### THE TASK
Where a picture appears, leave it out, and transcribe all the lines below exactly.

### GIVEN MATERIAL
%%

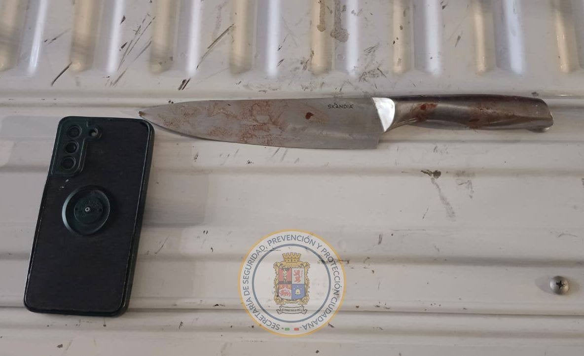 Los oficiales intervinieron de inmediato y lograron detener a los presuntos responsables, identificados como Joshua “N” y Diana “N”. En el lugar se les aseguró un teléfono celular y un cuchillo de aproximadamente 30 centímetros, presuntamente utilizado en la agresión.
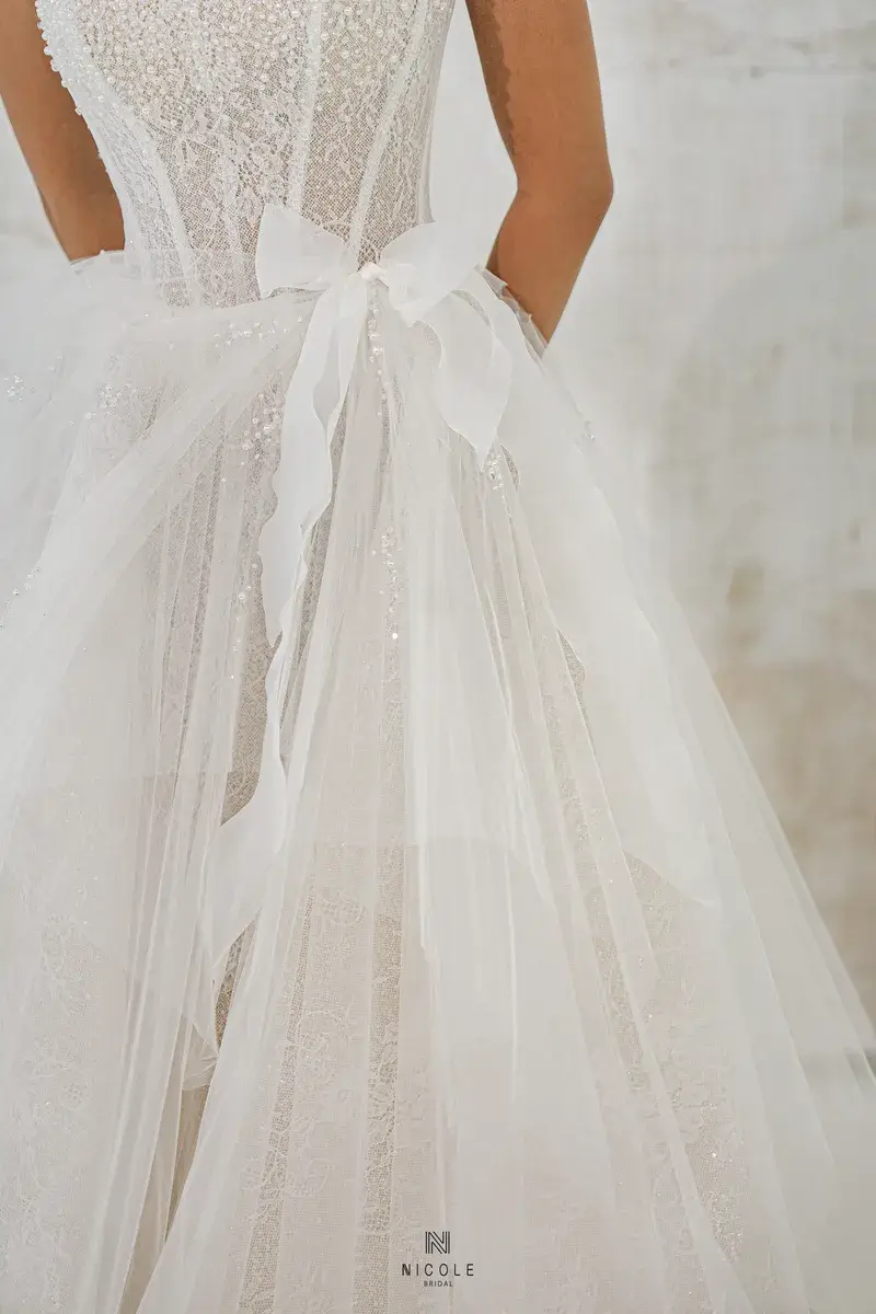 With Cina, Nicole Bridal wishes to convey that elegance sometimes comes from the lightest, most delicate things.
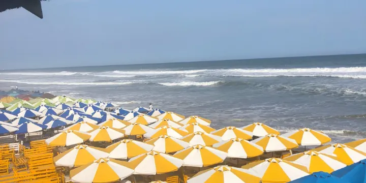 Labadi Pleasure Beach 是加納首都的濱海休閒地標,以3公里長的金黃細沙與碧波蕩漾的幾內亞灣海水構成天然畫布。沙灘排球網常年架設於細軟沙地,獨木舟與滑水設備租借點沿著潮線分佈,為動靜皆宜的遊客提供多元選擇。近岸淺水區平緩無礁,適合家庭親子嬉水,專業衝浪區則設有安全浮標隔離帶。

%%

### ANSWER SECTION
 Los oficiales intervinieron de inmediato y lograron detener a los presuntos responsables, identificados como Joshua “N” y Diana “N”. En el lugar se les aseguró un teléfono celular y un cuchillo de aproximadamente 30 centímetros, presuntamente utilizado en la agresión.
 With Cina, Nicole Bridal wishes to convey that elegance sometimes comes from the lightest, most delicate things.
 Labadi Pleasure Beach 是加納首都的濱海休閒地標,以3公里長的金黃細沙與碧波蕩漾的幾內亞灣海水構成天然畫布。沙灘排球網常年架設於細軟沙地,獨木舟與滑水設備租借點沿著潮線分佈,為動靜皆宜的遊客提供多元選擇。近岸淺水區平緩無礁,適合家庭親子嬉水,專業衝浪區則設有安全浮標隔離帶。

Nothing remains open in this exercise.